INDEPENDENT NEWS

Smoking Issues Must Be Carefully Considered

Published: Fri 17 Mar 2000 03:37 PM
New ACT MP Stephen Franks is not a smoker. He says he “detests” smoking. Despite that he’s disgusted by Government talk of changing the law to sue tobacco companies.
Mr Franks says the issues raised are among the most important that Parliament’s ever dealt with in free societies.
“Retrospective law changes send the rule of law up in smoke.
“This is a basic issue. And at a less abstract level the Government is suggesting that people need not be responsible for their own choice to smoke, that someone else can be blamed.
“The sale of tobacco is legal. And since I was a child we have all known that smoking is very bad for you.
“Retrospective liability should never be a substitute for personal responsibility. Suing for deception or other dishonestly could be right, if that is what they are talking about. But if they mean to shift the consequences of past bad choices to smoke, simply because smoking is harmful – we are starting down a very sinister path.
Will serious climbing equipment manufacturers be next, because so many climbers are killed? Or chocolate makers, because bingers who are overweight die early. Or even T.V. sellers, because people get fat and sick watching T.V?
“The whole concept is offensive – always seeing those who make bad choices as victims. In a free society the consequences of informed adult choices must rest principally with those who have made them.
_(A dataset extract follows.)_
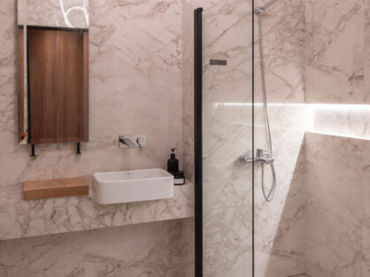 Se tuvo especial cuidado en el respeto de los materiales preexistentes, preservando y restaurando el solado travertino y oro, la utilización de textiles claros y livianos contrastan de manera contundente con los cortinados oscuros y pesados de los lados, ayudando a estructurar el interior de la caja, proporcionando contraste, equilibrio visual y limitando el uso de nuevos materiales a lo esencial.

Stephen Franks warns that the thinking of the Government will damage people’s freedom.
“If people can make others responsible for their own bad luck or bad choices, nobody will want to offer services that carry risk.
“Take the four children drowned at school camps this year. Of course it was tragic, but just because of sad outcomes, should school camps be banned? Or those who offer to help at them, and make some mistake or misjudgment,in good faith, be held liable and hounded through the courts. Who will volunteer in that kind of society?
“In a free society, under the rule of law, people can do whatever they wish, as long as it is legal. We should deplore some legal things that are immoral – but freedom means having the right to do things that others don’t like. Even if tobacco is banned in the future, there is no legal justification for suing for activities which until now have been, and still are, lawful,” he said.